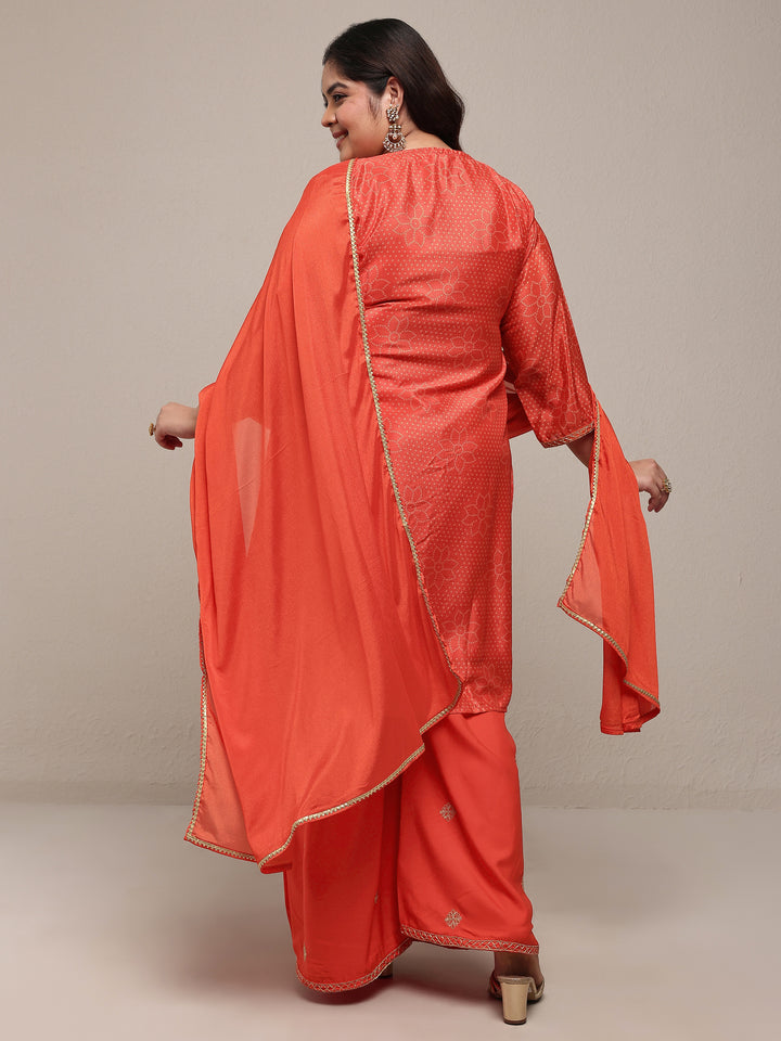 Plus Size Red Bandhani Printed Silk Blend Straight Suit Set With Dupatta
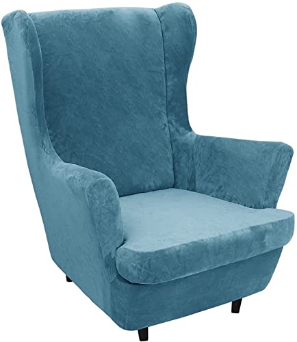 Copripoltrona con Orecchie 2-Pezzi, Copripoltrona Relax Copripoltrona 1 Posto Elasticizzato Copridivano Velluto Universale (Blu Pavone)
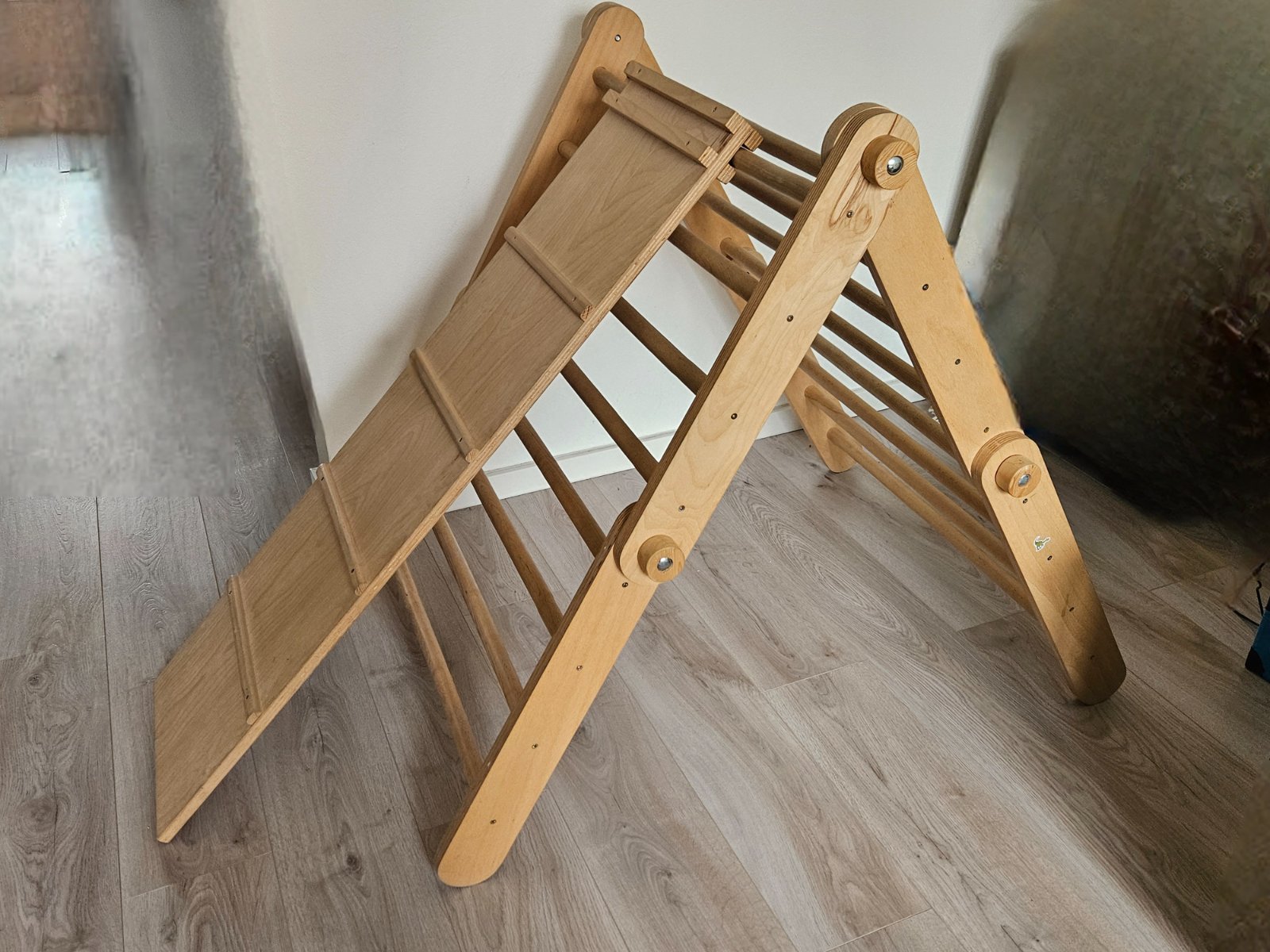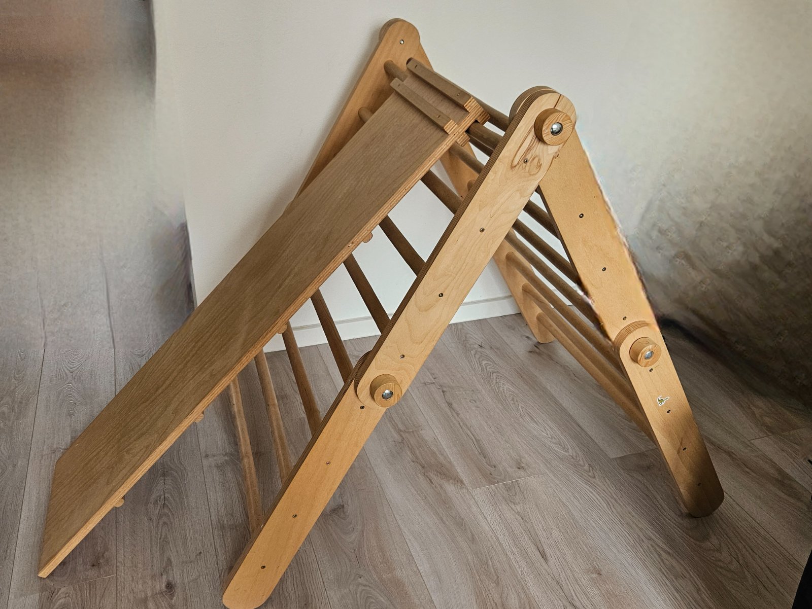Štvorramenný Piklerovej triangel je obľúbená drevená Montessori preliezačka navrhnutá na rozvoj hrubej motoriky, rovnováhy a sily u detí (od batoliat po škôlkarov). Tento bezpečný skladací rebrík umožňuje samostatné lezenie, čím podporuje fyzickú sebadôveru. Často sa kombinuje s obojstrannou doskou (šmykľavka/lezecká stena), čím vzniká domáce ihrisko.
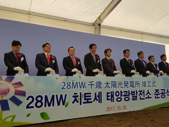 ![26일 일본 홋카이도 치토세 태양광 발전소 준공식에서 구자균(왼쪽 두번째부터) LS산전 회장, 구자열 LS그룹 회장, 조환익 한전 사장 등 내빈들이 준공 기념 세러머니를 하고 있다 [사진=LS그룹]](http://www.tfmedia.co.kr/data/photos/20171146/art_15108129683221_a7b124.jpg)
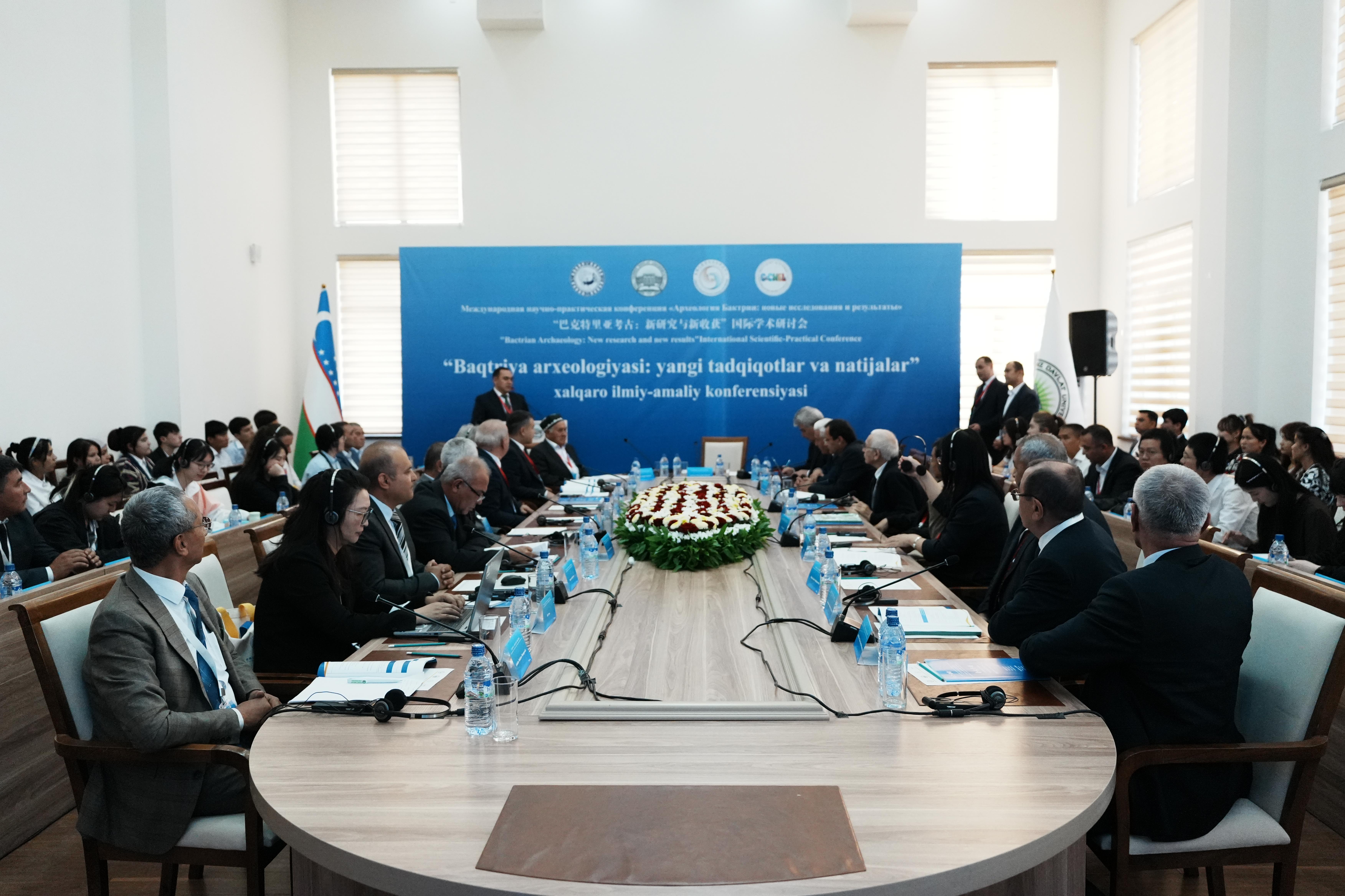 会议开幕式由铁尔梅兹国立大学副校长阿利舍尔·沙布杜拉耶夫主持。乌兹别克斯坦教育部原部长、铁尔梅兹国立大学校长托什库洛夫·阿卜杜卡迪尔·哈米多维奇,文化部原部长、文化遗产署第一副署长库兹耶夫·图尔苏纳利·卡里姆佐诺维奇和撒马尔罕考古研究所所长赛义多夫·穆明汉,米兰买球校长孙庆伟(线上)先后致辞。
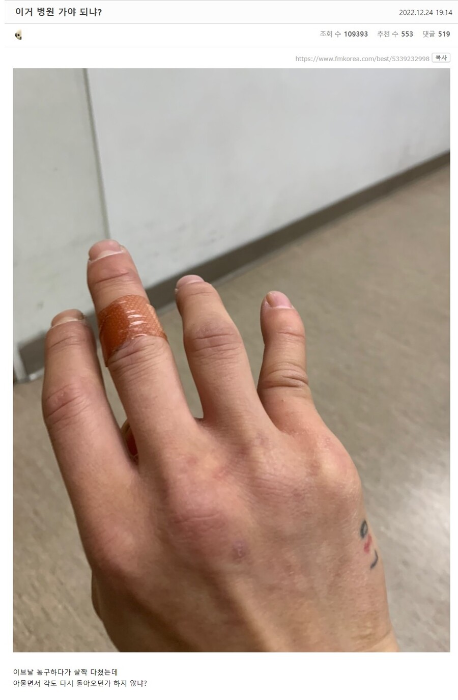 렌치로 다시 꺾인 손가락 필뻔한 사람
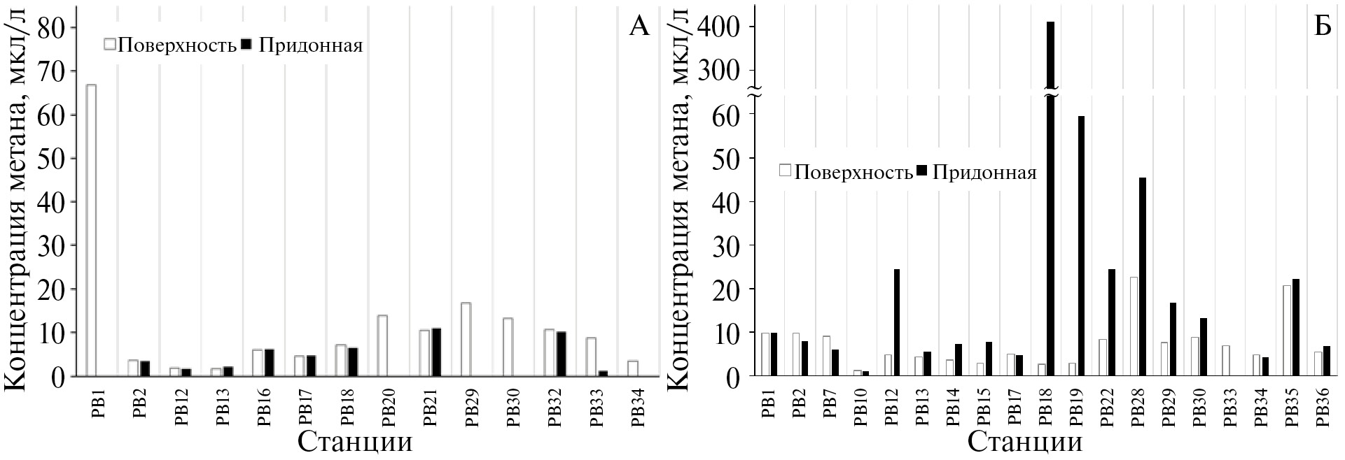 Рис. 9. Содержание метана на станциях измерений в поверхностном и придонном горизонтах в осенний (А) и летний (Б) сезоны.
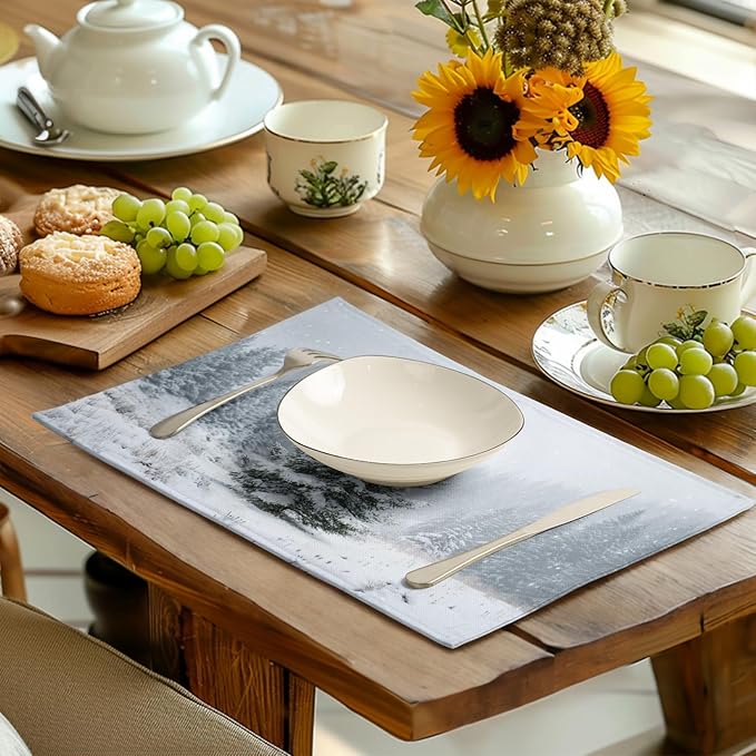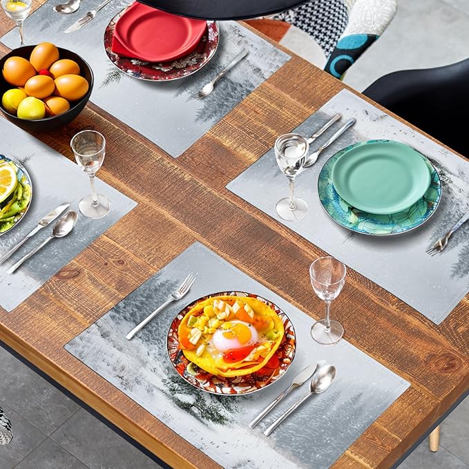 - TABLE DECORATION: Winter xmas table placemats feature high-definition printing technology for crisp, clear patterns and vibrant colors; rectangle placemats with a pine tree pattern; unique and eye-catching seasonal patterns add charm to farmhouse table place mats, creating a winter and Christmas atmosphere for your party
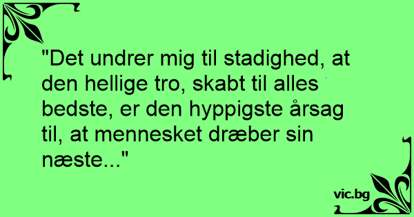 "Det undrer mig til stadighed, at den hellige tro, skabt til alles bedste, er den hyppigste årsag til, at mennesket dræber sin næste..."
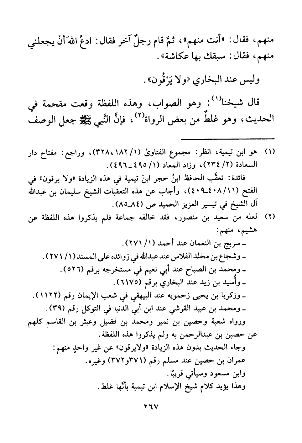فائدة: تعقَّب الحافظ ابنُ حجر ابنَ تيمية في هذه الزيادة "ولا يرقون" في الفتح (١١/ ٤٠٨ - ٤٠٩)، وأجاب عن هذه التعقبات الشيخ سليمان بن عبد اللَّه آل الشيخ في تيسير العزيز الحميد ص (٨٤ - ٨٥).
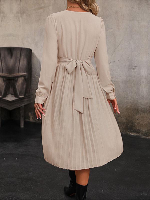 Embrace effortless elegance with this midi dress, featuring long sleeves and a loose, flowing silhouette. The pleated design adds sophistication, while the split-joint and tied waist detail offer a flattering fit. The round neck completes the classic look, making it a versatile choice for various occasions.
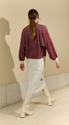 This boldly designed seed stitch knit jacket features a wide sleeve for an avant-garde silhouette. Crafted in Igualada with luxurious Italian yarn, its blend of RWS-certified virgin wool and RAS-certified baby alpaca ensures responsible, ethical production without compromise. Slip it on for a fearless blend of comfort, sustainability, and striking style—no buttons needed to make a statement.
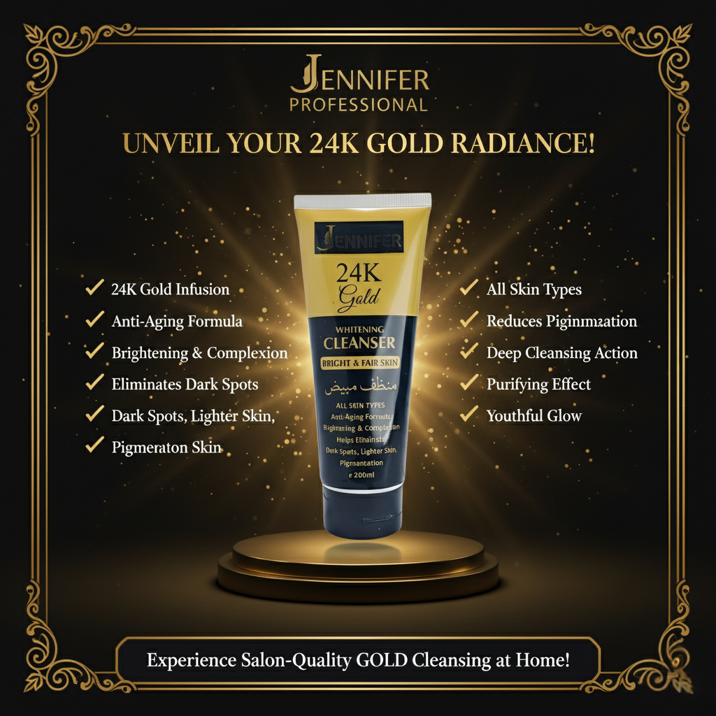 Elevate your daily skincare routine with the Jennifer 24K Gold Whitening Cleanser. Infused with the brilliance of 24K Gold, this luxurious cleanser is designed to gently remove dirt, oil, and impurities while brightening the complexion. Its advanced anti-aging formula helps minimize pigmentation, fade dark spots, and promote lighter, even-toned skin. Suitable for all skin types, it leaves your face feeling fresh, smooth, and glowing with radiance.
+++
PROBLEM DESCRIPTION >>
Only the lines of the listing above from the one with "Embrace effortless elegance" through the one with "This boldly designed" should be output, exactly, with both ends kept and pictures left out.

EXERCISE OUTPUT >>
 Embrace effortless elegance with this midi dress, featuring long sleeves and a loose, flowing silhouette. The pleated design adds sophistication, while the split-joint and tied waist detail offer a flattering fit. The round neck completes the classic look, making it a versatile choice for various occasions.
 This boldly designed seed stitch knit jacket features a wide sleeve for an avant-garde silhouette. Crafted in Igualada with luxurious Italian yarn, its blend of RWS-certified virgin wool and RAS-certified baby alpaca ensures responsible, ethical production without compromise. Slip it on for a fearless blend of comfort, sustainability, and striking style—no buttons needed to make a statement.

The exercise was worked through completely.